Diamond brilliantly finds parallels from modern Montana and Greenland of a thousand years before and countless powerful examples of societies that succeeded, then fell. He found some 13 key factors; however, only a few really mattered and one ruled them all. The few that mattered seem to be:

  • environmental factors
  • breakdown of a good trade partner
  • violence from aggressive neighbour or internal war

In reality, the only one that really matters is the environment. If that’s stable, you rarely even have problems with the other 12 factors. And even more scary, the most important environmental factor seems to be around trees – if you don’t have good forestry management, you destroy your soil fertility, create solid erosion, create water problems and more. There are only a few societies that have managed to do any kind of forest management; Tikiopia, Germany (recently), Japan (only within Japan, they are striping the rest of Asia bare!) and New Guinea.

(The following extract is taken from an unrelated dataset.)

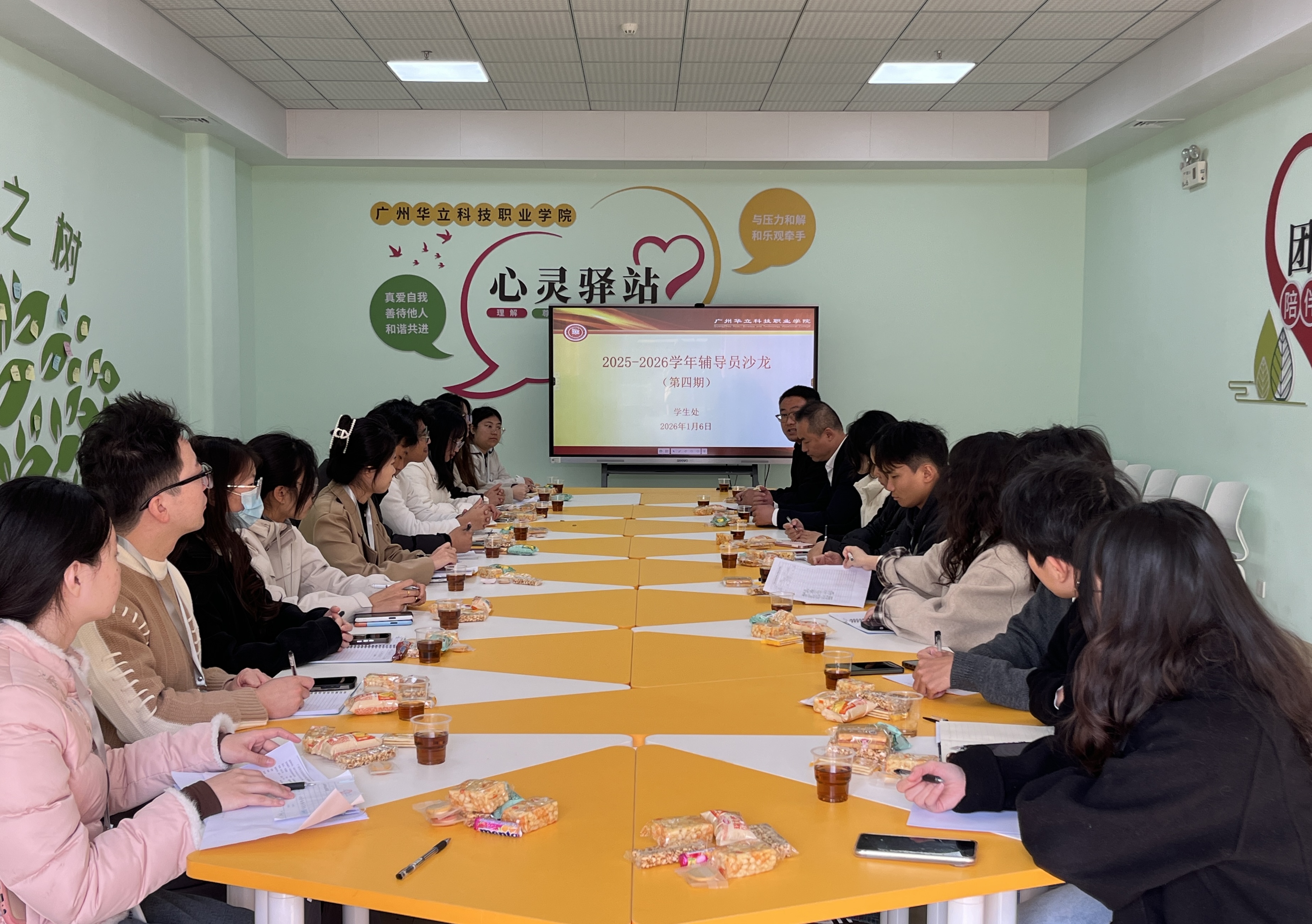 在高校学生管理工作中,辅导员作为基层工作者,其日常事务管理能力直接关系到学生的成长体验与校园生态的良性运转。为有效破解学生管理工作实践难题,切实提升辅导员育人履职能力,广州华立科技职业学院于2026年1月6日,在云浮校区心理咨询中心成功举办以“精细服务,协同共育”为主题的第四期辅导员沙龙。党委副书记、副校长高尧来,学生处处长李桂林、副处长李同同,学生处副处长助理杜盈盈,学生处各科室老师,以及各二级学院辅导员代表共同参与,围绕学生管理工作中的难点、经验与方法创新展开深入研讨。

When you draw forward to today and look at all the other ecological problems we are creating, we are nearly doomed. Consider:

  • massive deforestation of the world’s rain forests, Australian forests, North American and Asian forests
  • massive destruction of nearly all the world’s fisheries
  • salinization and errosion of top soil everywhere
  • industrial pollution

Basically, there is no way to ignor this warning. The world needs to act to survive. This isn’t just about curbing waste, this is about completely changing the way we manage shared and private resources. This is about living with far less stuff – think comfortable 2nd world – having less children immediately, starting to repair the environmental damage that has been done – and doing it all right now.

Sadly, I know that this will never happen until it is too late. I now know that in my life-time and in my children’s the world will become damaged, war-torn in places and poorer. And I know it doesn’t have to be that way.

I recommend this book to everyone specially those with power to help change the world.